• WHAT THE TASK REQUIRES:
In your copy of the data, keep every word exact and include no pictures.

• MATERIAL PROVIDED:

══════════════════════════════

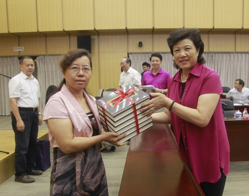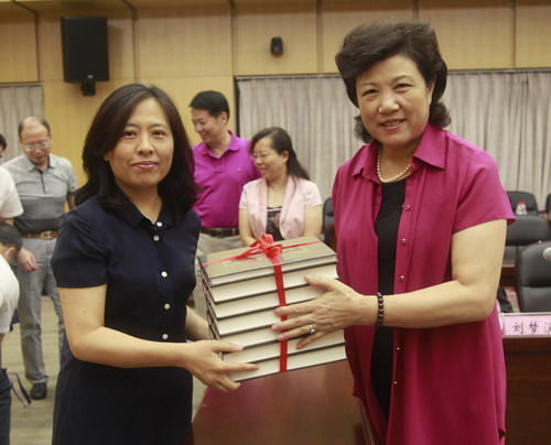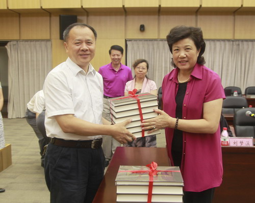首发仪式上,吴桃娥副校长代表九江学院向国家图书馆及北京大学、清华大学、中国人民大学、北京师范大学四校图书馆负责人赠送了《江西历代进士全传》系列丛书。
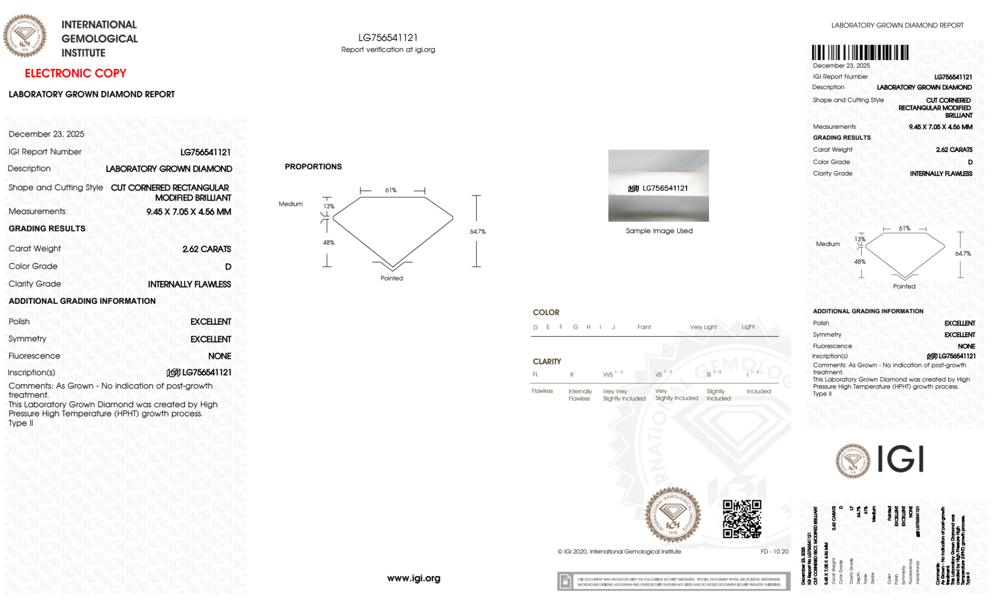 Your 2.62 carat Radiant lab diamond is graded D color (Colorless), and you can read more about D color diamonds here.
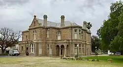 Rymill House and Coach House, at no. 40 Hutt Street on the corner with Flinders Street, is on a large block that extends to East Terrace. It had its beginnings in the plot of land purchased by brothers Henry and Frank Rymill, who were financiers, in 1859. They first had a small cottage built on the land, designed by George Strickland Kingston, which was completed in 1860. After some years, Henry bought out Frank's share and had the cottage demolished. The present building was constructed in 1881 or 1884[14] to the design of John Haslam. It was called "The Firs", although the surrounding trees were actually Aleppo pines. It was described as being in the Queen Anne architectural style, built using brown stone and Sydney stone.[15] The house's heritage statement includes: "it is one of the largest and most prominent 19th century park lands mansions for which Adelaide has been renowned".[14]

══════════════════════════════

• EXERCISE OUTPUT:
首发仪式上,吴桃娥副校长代表九江学院向国家图书馆及北京大学、清华大学、中国人民大学、北京师范大学四校图书馆负责人赠送了《江西历代进士全传》系列丛书。
 Your 2.62 carat Radiant lab diamond is graded D color (Colorless), and you can read more about D color diamonds here.
 Rymill House and Coach House, at no. 40 Hutt Street on the corner with Flinders Street, is on a large block that extends to East Terrace. It had its beginnings in the plot of land purchased by brothers Henry and Frank Rymill, who were financiers, in 1859. They first had a small cottage built on the land, designed by George Strickland Kingston, which was completed in 1860. After some years, Henry bought out Frank's share and had the cottage demolished. The present building was constructed in 1881 or 1884[14] to the design of John Haslam. It was called "The Firs", although the surrounding trees were actually Aleppo pines. It was described as being in the Queen Anne architectural style, built using brown stone and Sydney stone.[15] The house's heritage statement includes: "it is one of the largest and most prominent 19th century park lands mansions for which Adelaide has been renowned".[14]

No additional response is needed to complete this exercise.